Building the Stretched Ferrari F1 360
A Technical Report By
Chris Wright, Carbonyte UK Ltd
Overview of task
To determine the optimum stretch length of the conversion, and to account for a further six passengers whilst retaining minimum deflection of the body structure.
The stiffness and overall weight increase of the conversion will determine how the vehicle performs under acceleration, braking and cornering.
It is recognised due to the increase in wheelbase the vehicle dynamic cornering ability will be affected.
Stage 1 The Chassis
The existing chassis is an AA6063T6 extruded alloy with an AA6022T6 floor which has undergone a Cataphoresis process to prevent corrosion.
The new chassis will replicate the sections of the extruded alloy, but will be made from 12k carbon fibre reinforcement with a high modulus epoxy resin.
The laminate is engineered to give maximum stiffness to the existing sections with minimal weight gain. For example longitudinal unidirectional carbon fibres are placed on top of the beam sections to give stiffness through the length of the chassis, so it will not bend under the extra load of six passengers.
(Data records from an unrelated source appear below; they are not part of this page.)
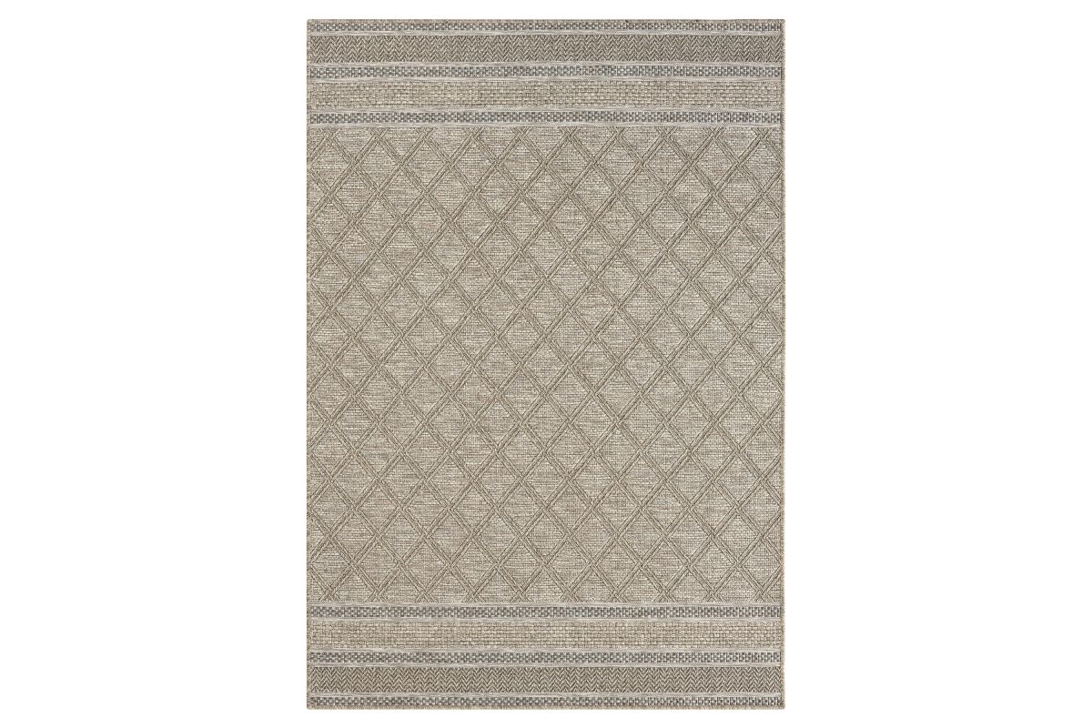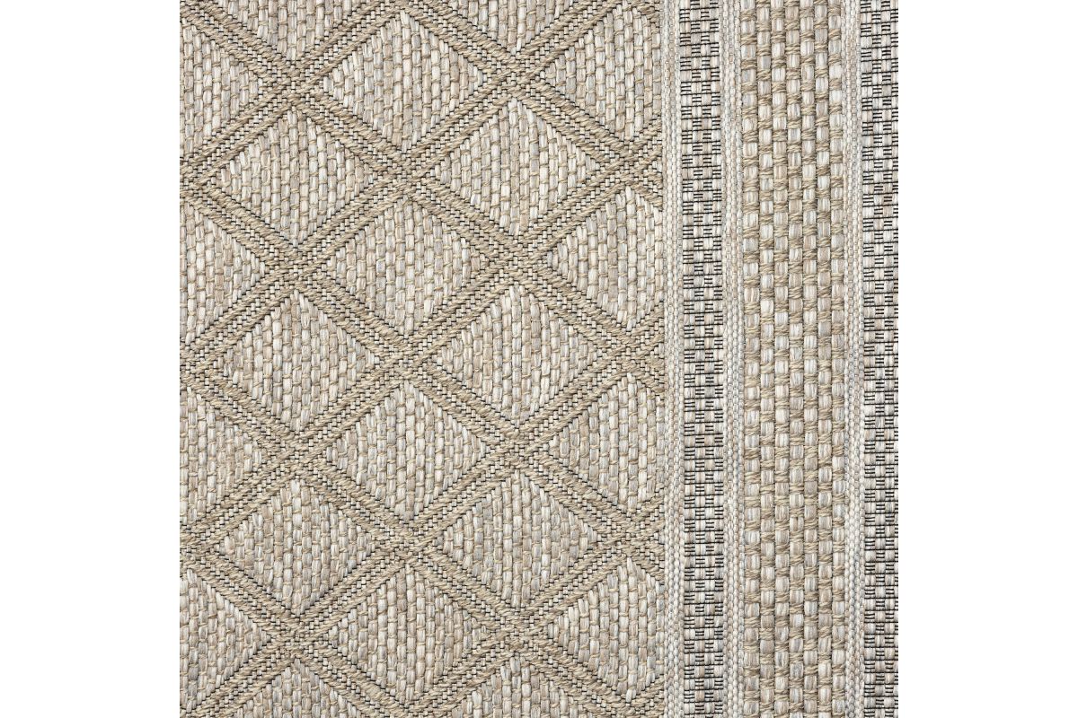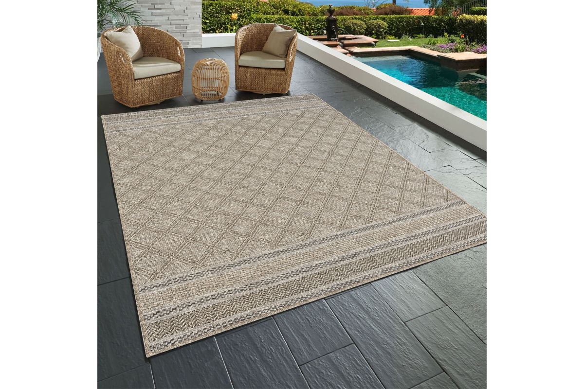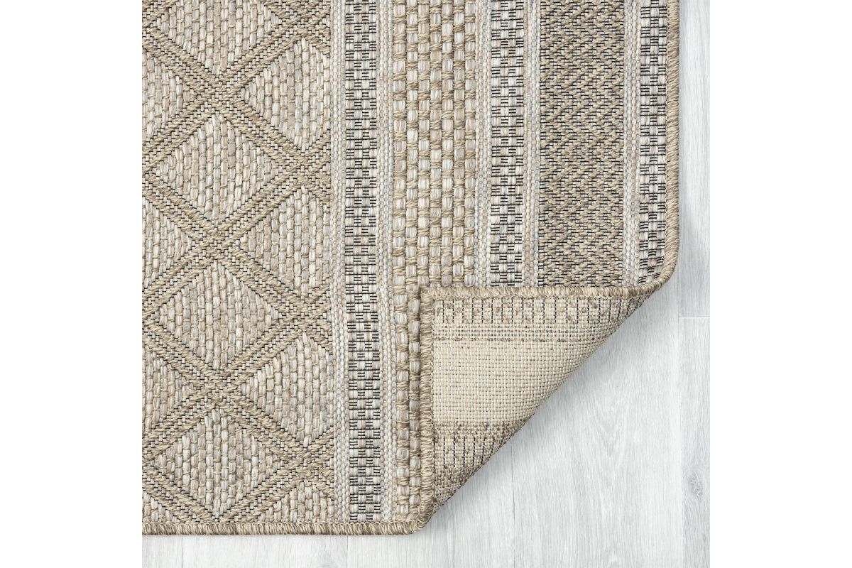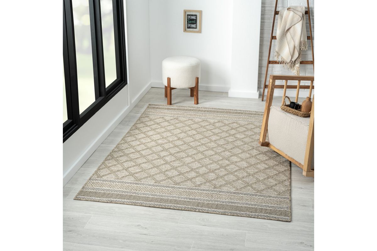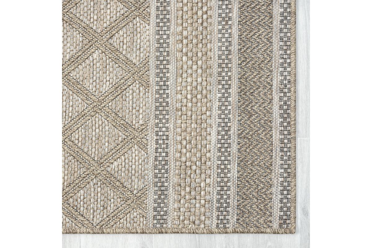 Accent your home with this modern geometric indoor and outdoor safe area rug. Inspired from the natural tones and designs of jute pieces, this rug features a variety of patterns and textures to bring a stunning natural look to your outdoor space. Powerloomed in Egypt from stain and fade resistant polypropylene threads, this rug is the perfect piece for everyday use. Perfectly suited for living rooms, dining rooms, kitchens, bedrooms, and patios, add aesthetic functionality with this neutral long-lasting, and durable indoor and outdoor safe rug.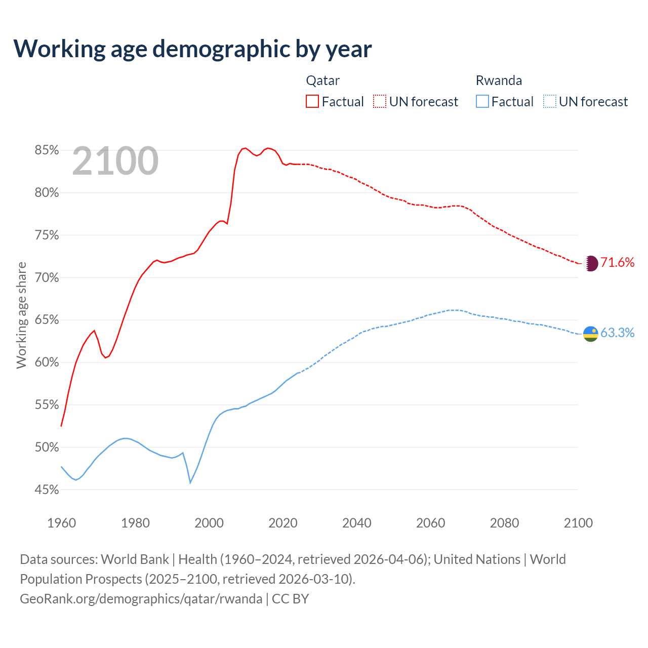 - Qatar has 2.5M working age adults (aged 15-64) vs 8.79M in Rwanda.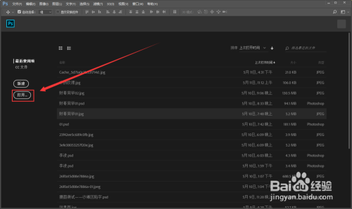 首先我们打开ps软件,然后点击【打开】或者按快捷键CTRL+O键。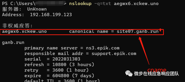 钓鱼网站的域名配置了cname解析,指向了“ganb.run”这个域名的子域名,此处必有猫腻!

The beams are connected with quasisotropic carbon fibres (+/-45° and 0/90°) for tortional stiffness, this will prevent the vehicle from twisting during high speed turns and retain the ‘feel’ of the car when driven hard.
The chassis will be manufactured by Carbonyte’s HotFusion® process and will be post cured in an Aerospace Autoclave that is capable of curing components at high temperature without inducing stresses into the chassis. The finished chassis will then have maximum properties in terms of TG (the temperature at which the material softens again) and the maximum mechanical properties.
The chassis will then be adhesively bonded into the existing extruded aluminium sections with a structural epoxy adhesive
The adhesive selected for this task exhibits excellent high strength, fatigue resistance and outstanding impact resistance.
A retained sample of the chassis will be used to bond samples to aluminium with the selected adhesive and these samples will be placed through mechanical testing in the laboratory to confirm at what load the material fails, and the mode of failure, i.e.: through thickness of material or through the aluminium or carbon composite or at the interfaces.
The test results will be compared to the anticipated loads calculated and the adhesive selected as fit for use.
The bonded interface will have isolating layers contained within to prevent galvanic corrosion caused by dissimilar materials.
Stage 2 The Safety Device
Although the vehicle will be long and low, the possibility of a roll over scenario has to be considered and the protection of the additional occupants.
Two roll hoops will be manufactured from carbon composite, primarily from unidirectional fibres. These roll hoops will be bonded to the chassis sections and the centre roof box section. These sections will contribute to the overall tortional stiffness of the vehicle.
The roof box section will be built to hinge the gull wing doors from and to transmit loads through the existing A and B pillars of the vehicle.
Stage 3 The Body Structure
The body will be built from non-structural monolithic carbon fibre panels bonded to the existing structure and the new chassis sections.
Panels will be manufactured by Carbonyte’s HotFusion® process which has been developed for the best composite body structure on the market, capable of withstanding the extreme in temperature the vehicle may experience in hotter countries
The Carbon fibre body will be adhesively bonded to the chassis and structural elements of the vehicle.
Conclusion
The anticipated weight increase of the 2700mm structure is 150kg which will be equivalent to two passengers, and the overall stiffness of the original vehicle will be maintained through correct engineering principles and correct manufacturing placement of the carbon fibre reinforcement.
Chris Wright Managing Director Carbonyte UK Ltd